Hadi juga menyampaikan bahwa bintara pembina desa (babinsa) hingga bhayangkara pembina keamanan dan ketertiban masyarakat (babinkamtibmas) berperan sangat penting dalam menjalin komunikasi yang baik di akar rumput dengan semua pihak.
Sebelumnya, Kapolri mengatakan telah memerintahkan seluruh jajarannya, khususnya Polda Metro Jaya, agar memberikan sanksi hukuman pemecatan dengan tidak hormat terhadap Bripka CS.
Seluruh jajaran Polri juga diminta proaktif dalam rangka meningkatkan sinergitas dengan TNI melalui kegiatan-kegiatan operasional, keagamaan, olahraga hingga kegiatan sosial secara terpadu. Para pengemban tugas di divisi profesi dan pengamanan (propam) diminta meningkatkan koordinasi dengan detasemen polisi militer (Denpom) TNI setempat sebagai upaya pencegahan dan menyelesaikan persoalan antara anggota TNI dan Polri secara cepat dan tuntas.
Kepala Polda Metro Jakarta Raya Inspektur Jenderal Fadil Imran saat meninjau lokasi Kampung Tanggung Jaya di Pondok Aren, Tangerang Selatan, Banten, enggan memberikan keterangan terkait upaya yang akan ia tempuh agar peristiwa penembakan oleh polisi tersebut tidak terulang.
Namun, Kapolda telah menegaskan akan mengusut tuntas dan menjatuhkan hukuman berat bagi tersangka. Kapolda juga meminta maaf kepada pihak TNI serta berkoordinasi agar tidak terjadi respons tidak diinginkan atas kejadian ini.
Penegakan aturan
Ketua Presidium Indonesia Police Watch (IPW) Neta S Pane, Jumat, mengemukakan, insiden penembakan yang dilakukan Brigadir Kepala CS tidak perlu terjadi apabila pengawasan pimpinan di instansi kepolisian terhadap bawahannya berjalan maksimal. Oleh sebab itu, ia menilai penting bagi kepolisian untuk terus memperkuat mekanisme pengawasan berjenjang dari atasan terhadap para anggotanya secara berkala.

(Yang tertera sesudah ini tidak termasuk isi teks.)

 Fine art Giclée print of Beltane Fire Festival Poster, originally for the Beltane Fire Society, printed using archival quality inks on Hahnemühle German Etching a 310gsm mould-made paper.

Kelemahan pengawasan itu terlihat dari beroperasinya kafe tempat insiden penembakan terjadi. Kepolisian yang juga menjadi bagian dari pengawas pemberlakuan pembatasan kegiatan masyarakat (PPKM) berskala mikro hingga 8 Maret 2021 tidak menindak kafe yang beroperasi melanggar ketentuan. Neta menilai ada pembiaran polisi terhadap kafe tersebut.

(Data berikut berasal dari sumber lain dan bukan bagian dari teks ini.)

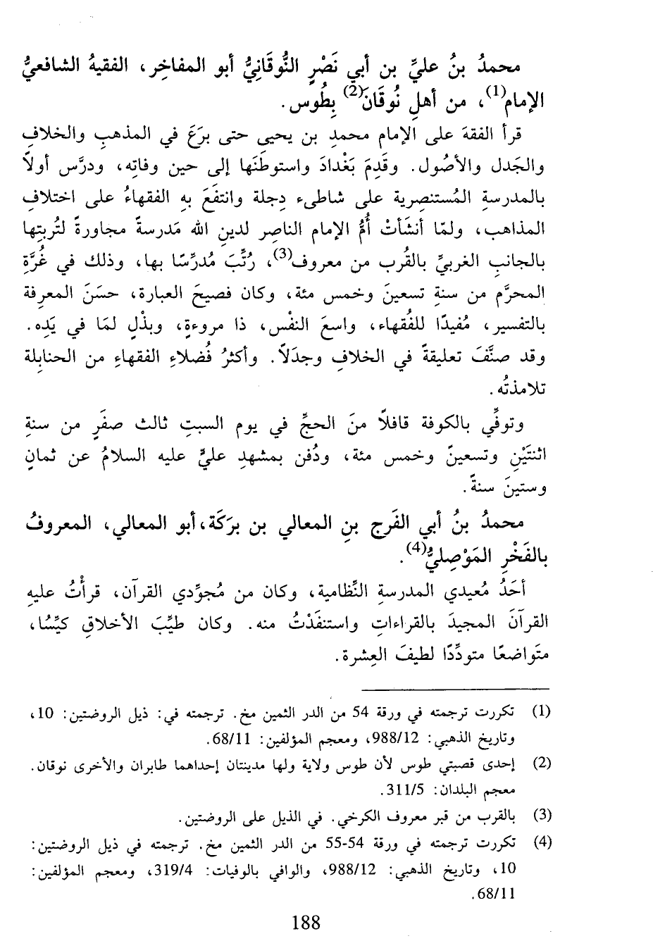 (¬2) إحدى قصبتي طوس لأن طوس ولاية ولها مدينتان إحداهما طابران والأخرى نوقان. معجم البلدان:5/ 311.
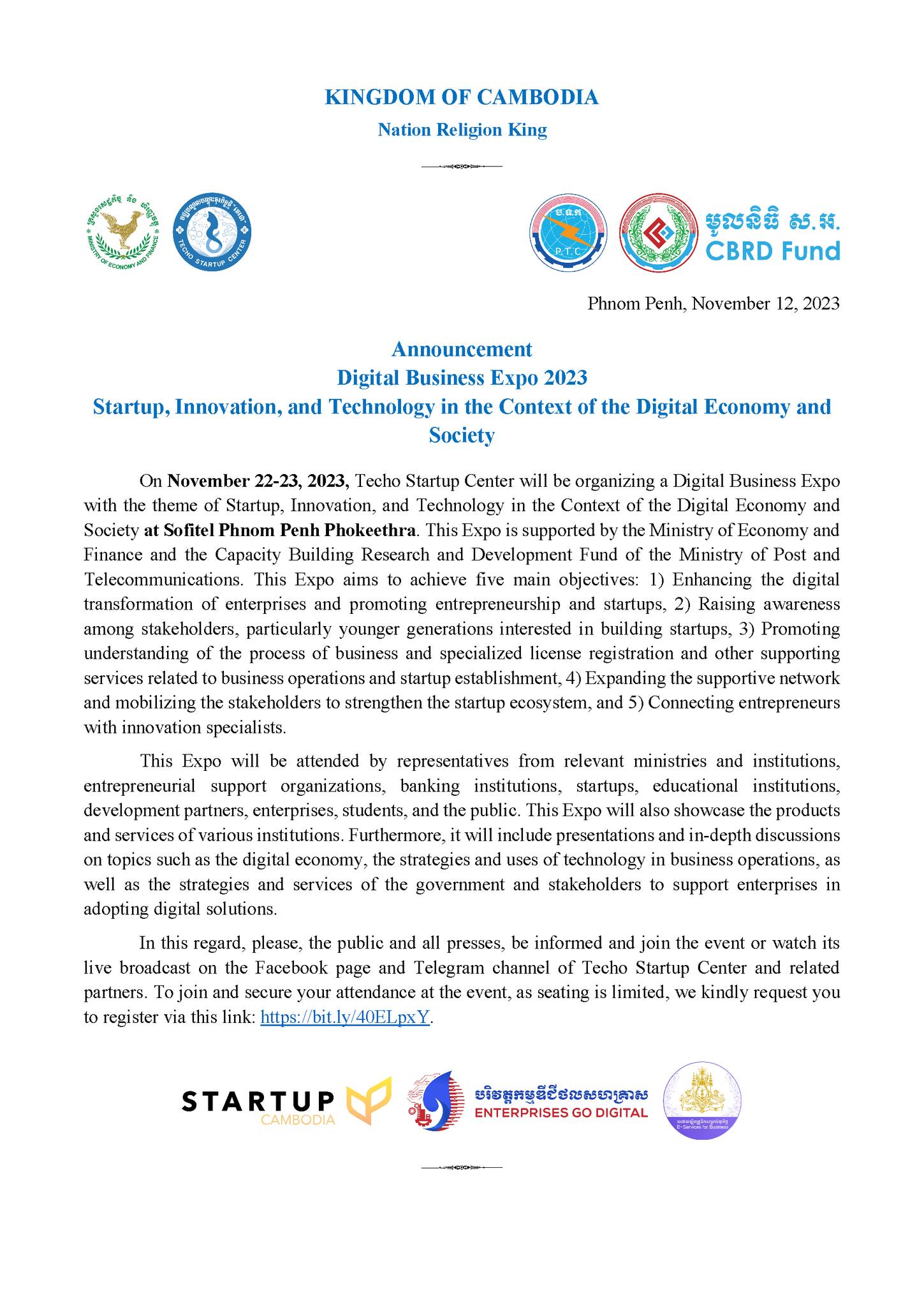 On 12 November 2023, Techo Startup Center issued an announcement on Digital Business Expo 2023 with the theme “Startup, Innovation, and Technology in the Context of the Digital Economy and Society”, which will be held on November 22-23, 2023. This Expo will be attended by ...
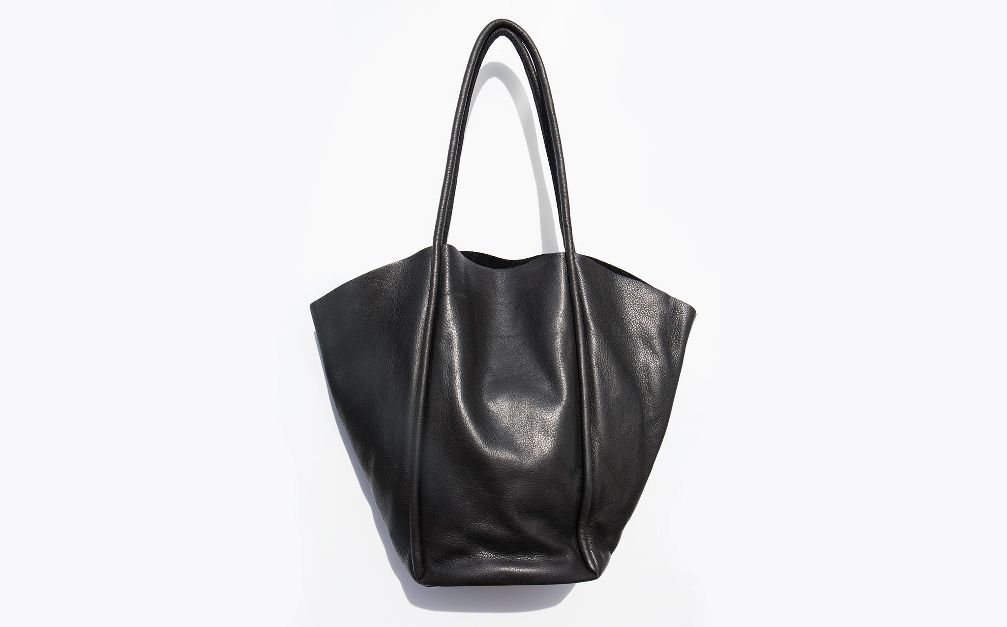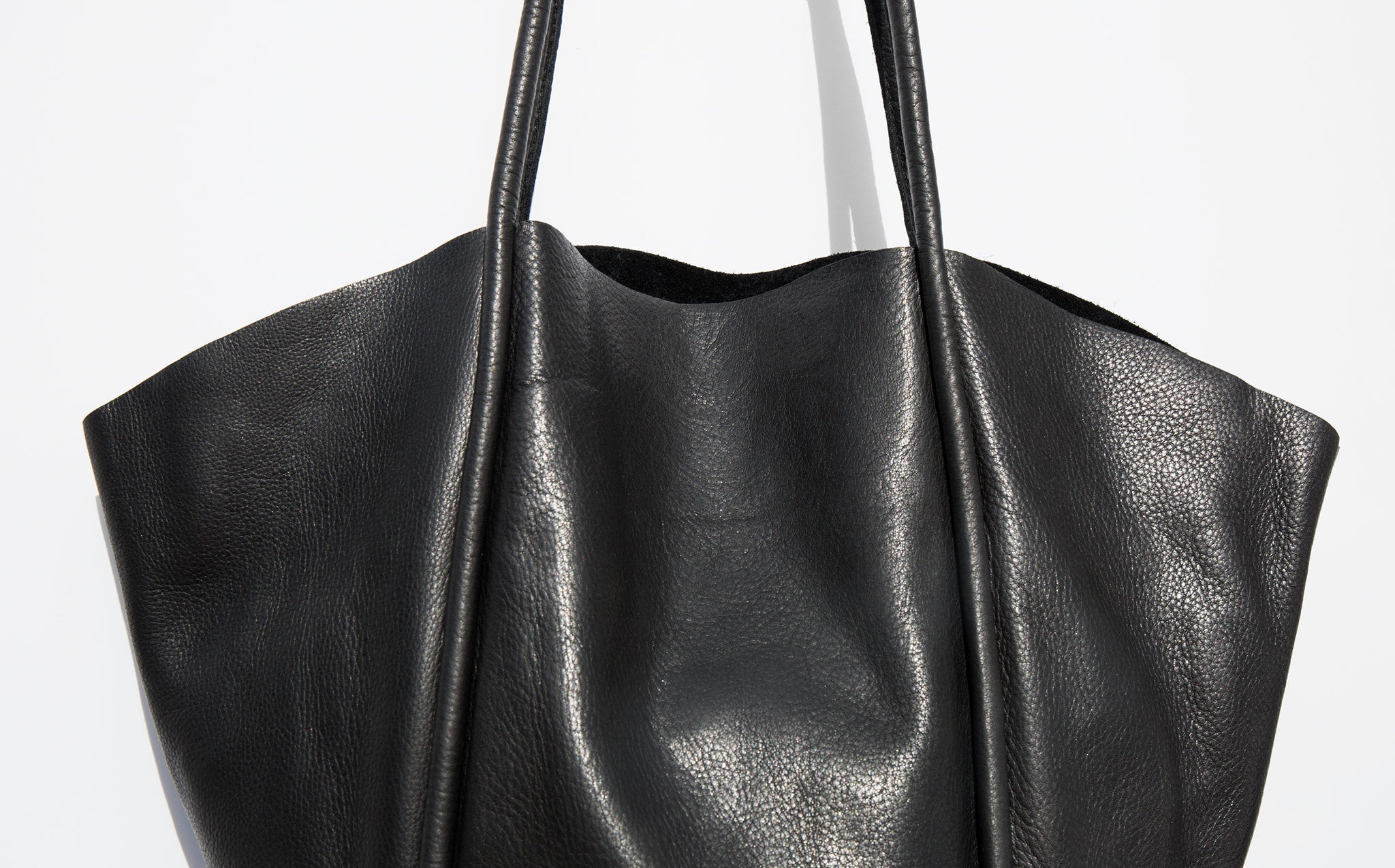 Sleek, minimal everyday tote crafted of untreated velvet-soft leather.

Contoh lainnya, kata Neta, adalah soal ketentuan psikotes terhadap anggota kepolisian yang memegang senjata api. Anggota polisi yang memegang senjata api semestinya wajib mengikuti psikotes setiap enam bulan sekali. Aturan itu didorong tegas dilaksanakan.
Pakar psikologi forensik Reza Indragiri Amriel memandang pemantauan terhadap kondisi psikis dan fisik anggota kepolisian harus dilakukan secara berkala. ”Karena semakin tinggi kadar stres dalam tugas, semakin rentan pula psikis personel terguncang,” ucap Reza.

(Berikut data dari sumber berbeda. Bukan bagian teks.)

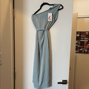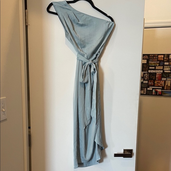 One shoulder light blue midi dress with removable tie around waist. Never worn.
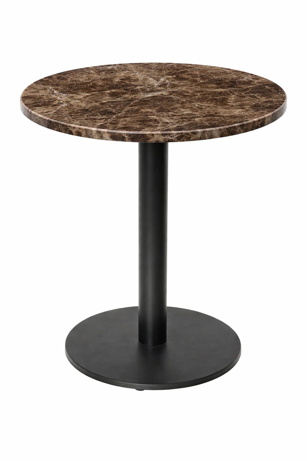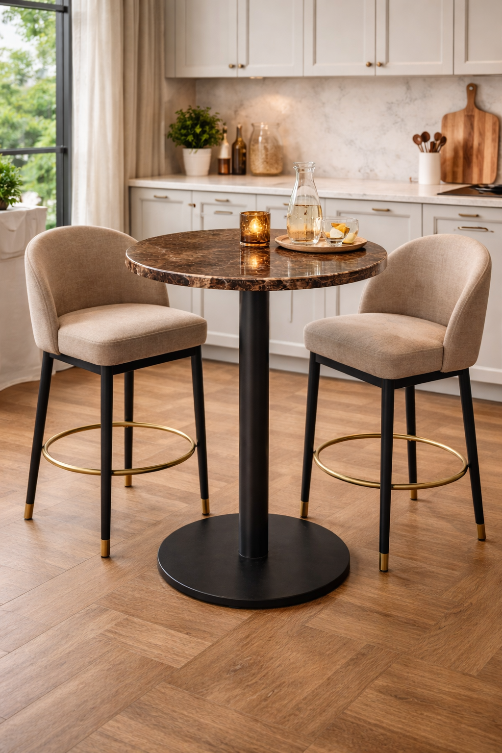 Stolik barowy marmurowy Emperador Dark to eleganckie połączenie naturalnego kamienia i nowoczesnej, stalowej podstawy. Czekoladowo-brązowe odcienie z jasnym użyleniem oraz polerowana powierzchnia nadają mu luksusowy, ponadczasowy charakter. Doskonale sprawdzi się w kuchni, jadalni lub strefie barowej we wnętrzach premium.

Reza juga menyarankan agar pemantauan terhadap anggota juga tak hanya dilakukan pada kondisi psikis terkait penggunaan senjata, tetapi juga kondisi psikososial. Sebab, kehidupan sehari-hari anggota kepolisian, baik di dalam maupun luar kantor bisa saja berimbas pada performanya, termasuk performa anggota kepolisian saat memegang senjata.